I think if you can stop/slow her with your seat, that's great, but chances are, she will not listen to seat alone, but do start there.
So, core gets firm, drop your elbows down, exhale through your mouth and make an "Haaah" sound, it can feel a bit like coughing, only slowed down.
That's the first cue to slow, which she will probably run right through. You apply rein, now.
Make sure you have one rein just an inch or so shorter than the other, it's called "offset", and this helps to make it less easy for her to lean on the bit.
Start taking up the reins and where you get to the place where there's a fair amount of contact on it, you stop taking up the rein and you make your hand very , very firm, as it it is made of concrete. This will feel to the hrose as if you warned her, little by little, and then she ran into a brick wall. Do NOT jerk! Slow uptake of pressure, then just STOP your hands.

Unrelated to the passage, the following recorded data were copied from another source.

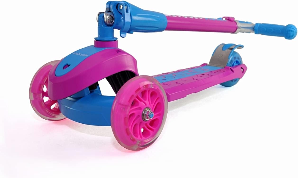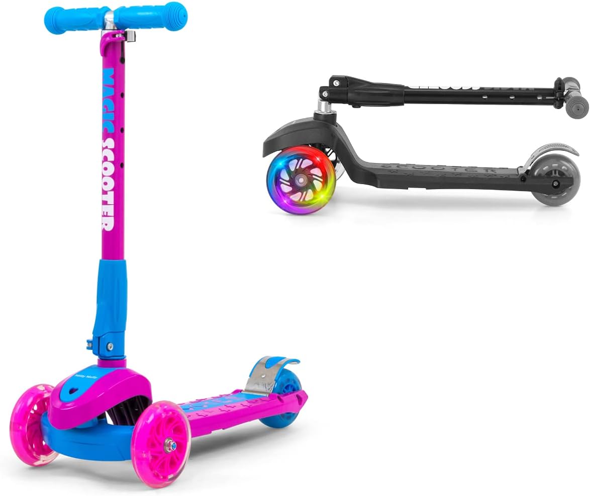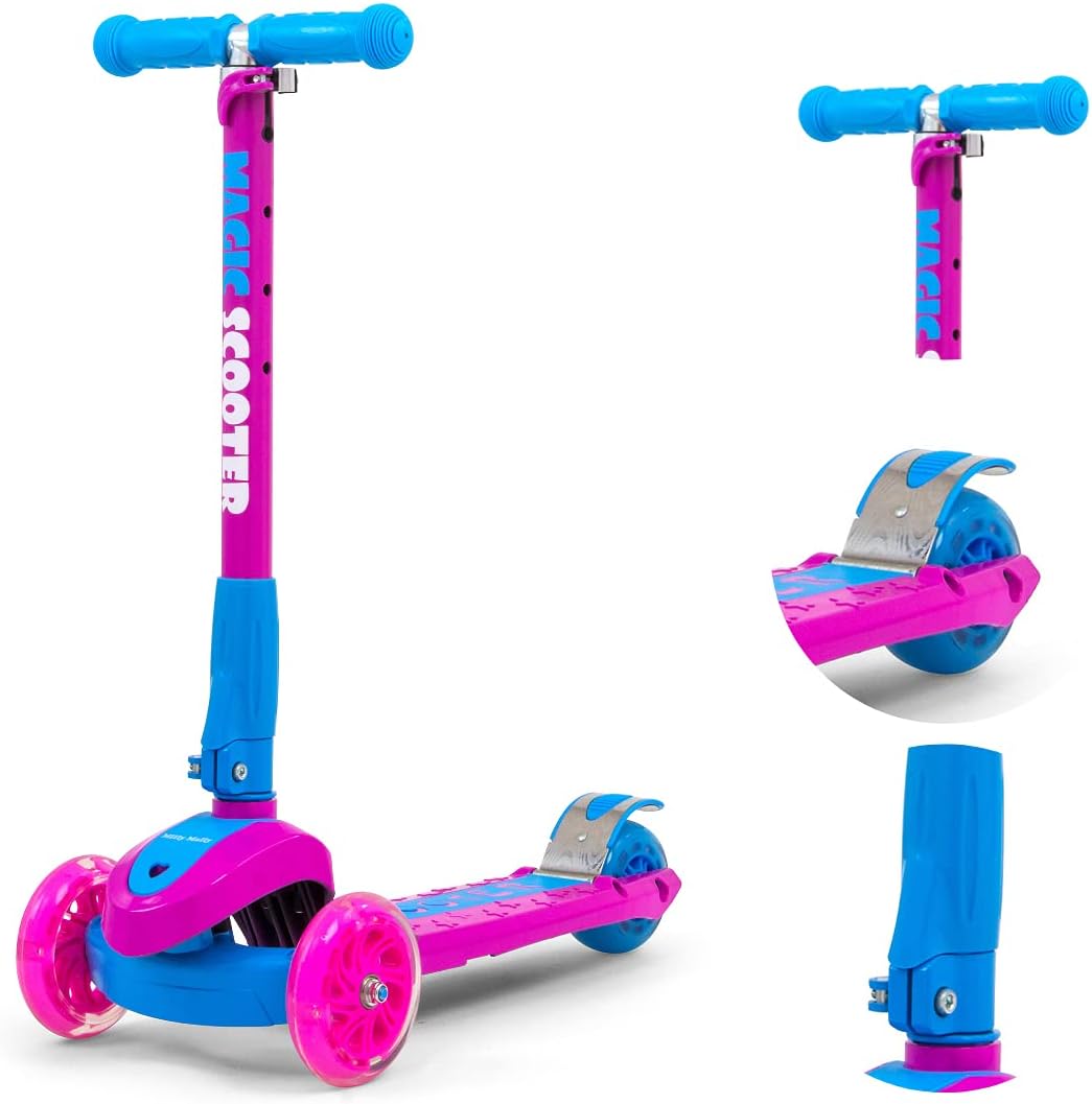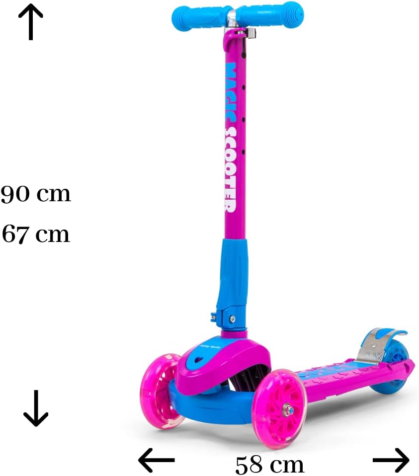 Costruzione leggera e robusta (alluminio, fibra di vetro, PVC). Stabilità e sicurezza garantite con uno scooter a tre ruote. Controllo: la torsione funziona secondo il principio dell'equilibrio del corpo. Comode maniglie con regolazione in altezza. Le ruote in plastica di alta qualità garantiscono un buon fissaggio e le ruote anteriori brillano. Dotato di freno - Pannello posteriore parafango. Fascia d'età 3+. La soluzione perfetta per i gruppi attivi che sono sempre in movimento. Carico massimo: 50 kg.
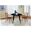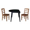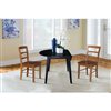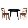International Concepts 3-Pc 42-in Solid Wood Round Dual Drop Leaf Dining Table Set w/ 2 Chairs - Black/Distressed Oak
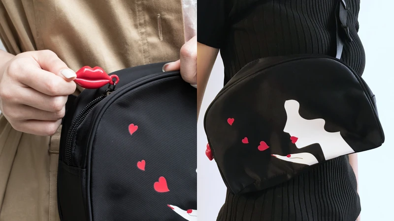 而繼去年與7-11共同合作的集點活動受到廣到迴響後,Lulu Guinness今年在為此活動推出全新三款「漫天飛吻」手袋,分別是兩用托特包以及兩款不同造型的腰包,上頭均有著復古俏女伶的輪廓肖像,搭上飛吻展現自信且迷人的一面,此外,拉鍊的設計更採用了立體紅唇,替整體添增不少俏皮感。
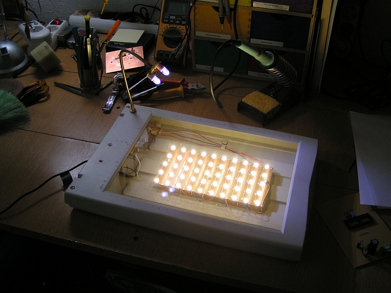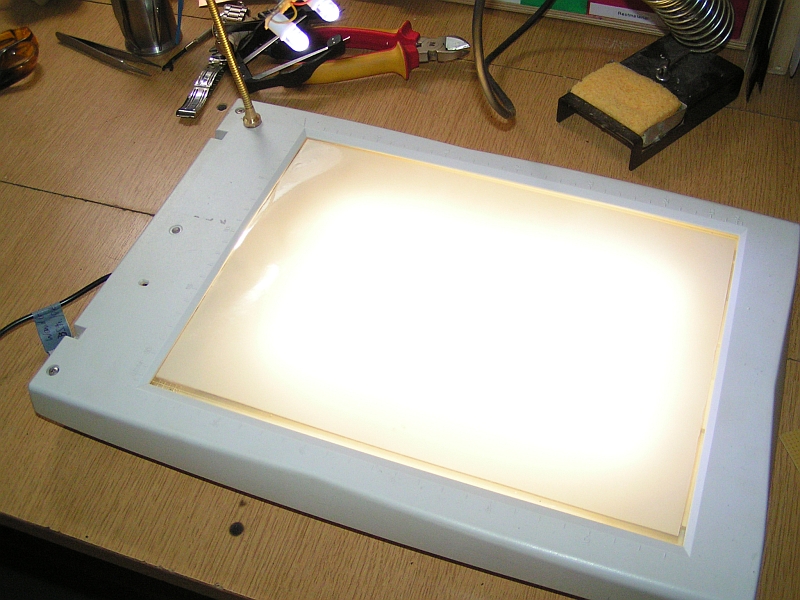 Oft habe ich beim Arbeiten das Problem, daß mir irgendwie das Licht nicht reicht bzw. nicht da ankommt, wo ich es gerne hätte. Irgendwann fiel mir mal im TV bei irgendeiner der CSI Serien auf, das die so schöne Leuchttische haben…
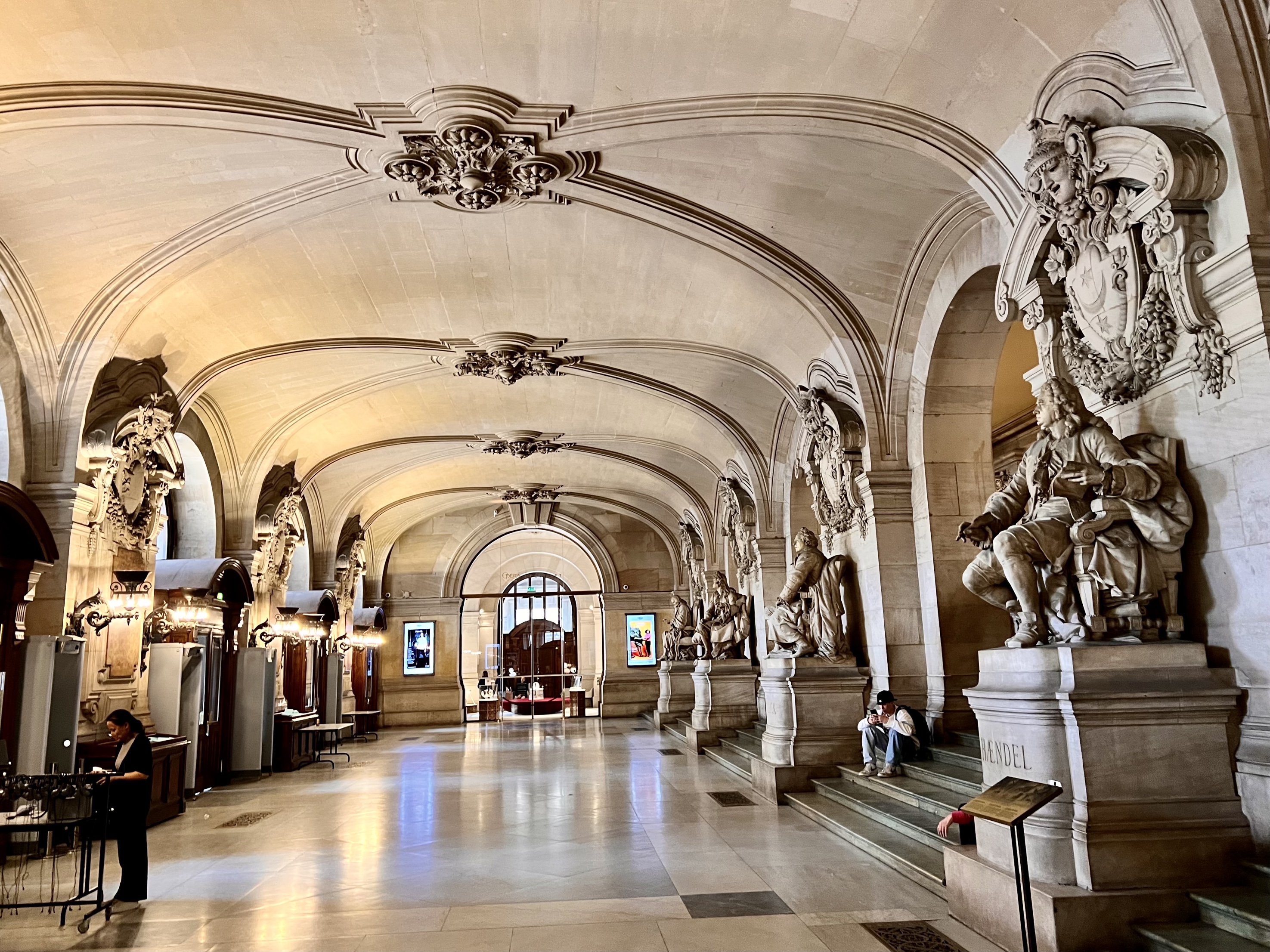So we walked out and explored the Paris Opera area which turned out to be another enormous, ornate church, this time dedicated to music, ballet, opera and poetry with a ring of nude women holding ornate lighting.
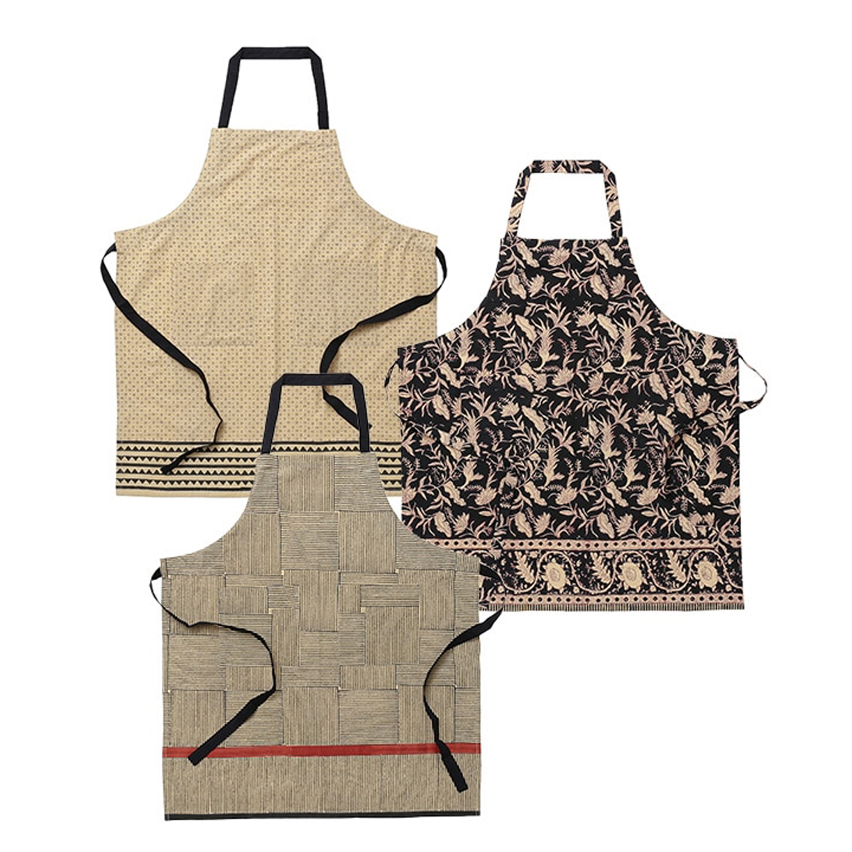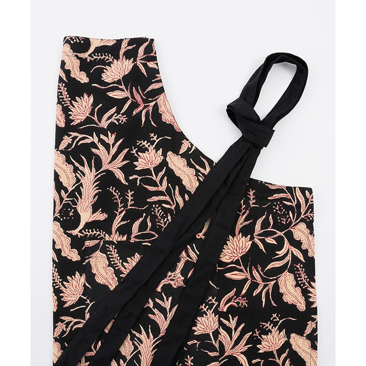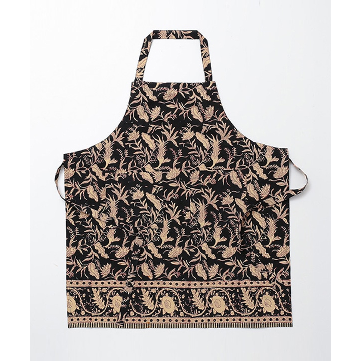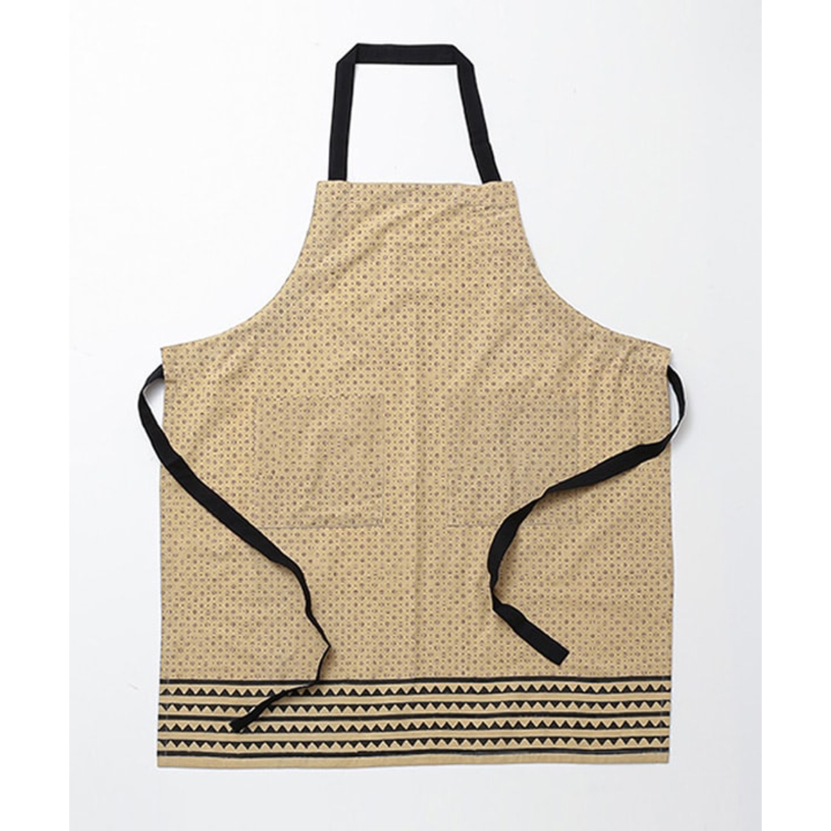 モダンな黒地に幾何学模様をあしらったシックなブロックプリントエプロン。日常のキッチンに落ち着いたアクセントを加え、長く愛されそうなデザインです。サイズは約90×80cmで、ゆったり作業しやすい仕様。家仕事にも喫茶店や料理教室のユニフォームにも映える一枚です。
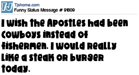 X I wish the Apostles had been Cowboys instead of fishermen. I would really like a steak or burger today.

It helps to think of them as becoming anchored to a spot on the ground. In fact, you can, as you are beginnning your halt, pick a spot aht is a few steps ahead and say to yourself, "THATS our stopping spot." and when your hands pass over that spot, your hand STOP, as if they hit a wall.
Your horse will feel this firmness and she will lean, or she will bounce off. Your job is to wait unchanged until you feel her "bounce off", even if it's very little. You will feel her rock her body backwards a bit, and lift her head, so she's not plowing to a stop with her whole head and shoulders leaning on that bit.
When she does, make your hands soft, and give her a couple of inches of rein. Tell her she's a good girl. Let her stand for a sec, if she will, then ask her to move on, but make this only through your seat. Just "allow" her to move on.
She'll likely start speeding up again, and you do the whole thing again. Pretty soon, when she speeds up, you just firm up your body and she'll stop from that. But it's very important to AlWAYS start your halt with your body, THEN your hands.